Pathogenesis (disease development)
Leishmaniasis is caused by the different species of Leishmania. These have a two-part developmental cycle, one part of which occurs in the female vector mosquito, the sandfly or butterfly mosquito (phlebotome), and the other in humans.
In the blood of the biting insect, the approximately 10-15 µm long, flagellated parasites develop and multiply (promastigote form) and subsequently migrate into the insect’s proboscis. Usually, the pathogen is destroyed at the site of inoculation (site of pathogen entry) by the host’s cellular immune response. When the affected person’s immune system is weakened, the Leishmania proliferate in the macrophages (“scavenger cells”) and monocytes (belong to the white blood cell group; cells of the immune system and precursors of macrophages) of the skin. The promastigote forms transform into amastigotes. These are unflagellated. After multiplication, the parasites destroy the cell membrane and spread hematogenously (by blood) throughout the organism. In visceral leishmaniasis, the leishmania enter the lymph nodes, spleen, liver, and bone marrow.

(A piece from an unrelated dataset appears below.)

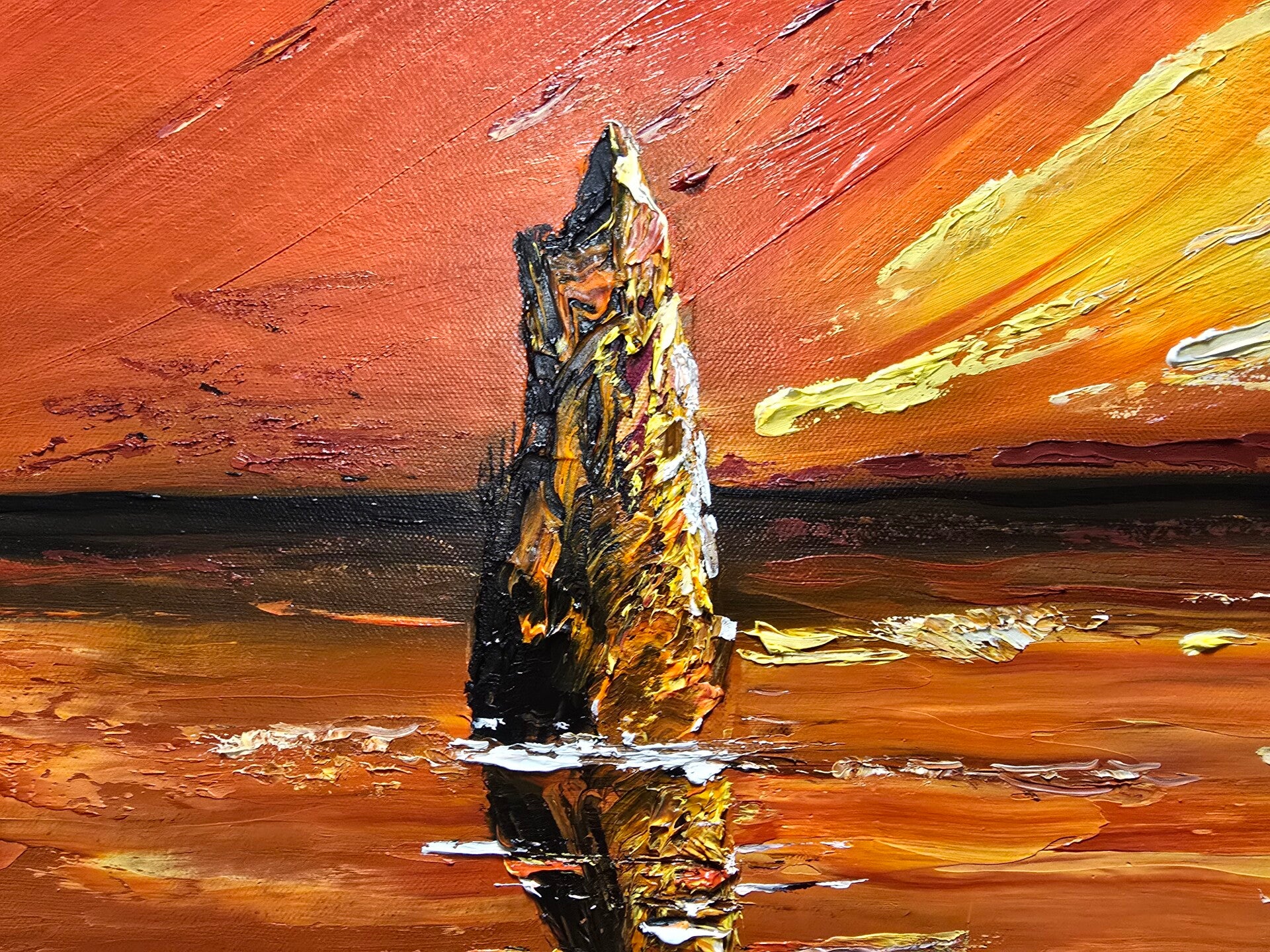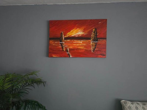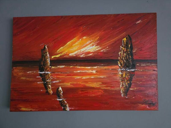 Original oil painting signed by artist and varnished. One of a kind. 20 by 30 inches on stretched canvas. Gallery wrapped.

Old World leishmania include: L. tropica major, L. tropica minor, L. donovani, L. donovani infantum, L. archibaldi; those of the New World include: L. brasiliensis, L. mexican – mexicana, L. mexicana – pifanoi.
Etiology (causes)
Behavioral causes
- Inadequate protection against mosquito bites in endemic areas of leishmaniasis (tropics, subtropics).
- Bringing infected animals such as dogs from endemic areas.
Other causes
- Airport leishmaniasis – infection on the plane or at the airport by imported mosquitoes.
- Baggage leishmaniasis – infection by mosquitoes from airline luggage.
- Very rarely, transmission can occur through organ or blood donations.
- Diaplacental infection from mother to unborn child is possible.